Joseph Ratzinger, alias Benedicto XVI (y eso que sólo las teiboleras y los delincuentes se cambiaban el nombre), no es una figura religiosa. Es un jefe de Estado. El Vaticano tiene relaciones diplomáticas con México. Pero Ratzinger, alias Su Santidad (¿quién le puso ese apodo?, ¿a poco se lo cree?), se asume superior a cualquier ley; el simple membrete de “jefe de Estado” le queda chico. Por eso, fijó una postura política ante asuntos de salud pública de la ciudad de México, sobre los cuales sólo pueden decidir los ciudadanos capitalinos a través de sus representantes, elegidos por la vía democrática (¿cómo eligieron a Ratzinger para gobernar del Vaticano?).

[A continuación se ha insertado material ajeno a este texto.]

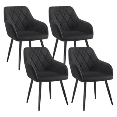 WOLTU Dining Chairs set of 4 Upholstered Armchair Kitchen Chair with Arms, Backrest, Metal Legs, Tub Living Room Lounge Chair, Black Velvet BH352sz
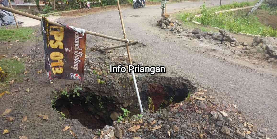 infopriangan.com, BERITA CIAMIS. Kondisi jalan desa di Dusun Kiarapayung, Desa Puloerang, Kecamatan Lakbok, Kabupaten Ciamis, Jawa Barat, mengalami kerusakan parah akibat gorong-gorong yang amblas. Kerusakan tersebut membuat akses jalan nyaris terputus dan berdampak langsung pada aktivitas masyarakat setempat.

Así, el director de un Estado declaradamente misógino (en el Vaticano las mujeres no tienen las mismas oportunidades laborales ni derechos políticos que los hombres) se siente con la autoridad para decirnos qué hacer o qué no hacer, si se da o no se da a las mujeres el derecho a decidir sobre su cuerpo y su vida. Lástima Herr Ratzinger. Los tiempos han cambiado.
En días como éste sí da orgullo vivir en la ciudad más progresista del país.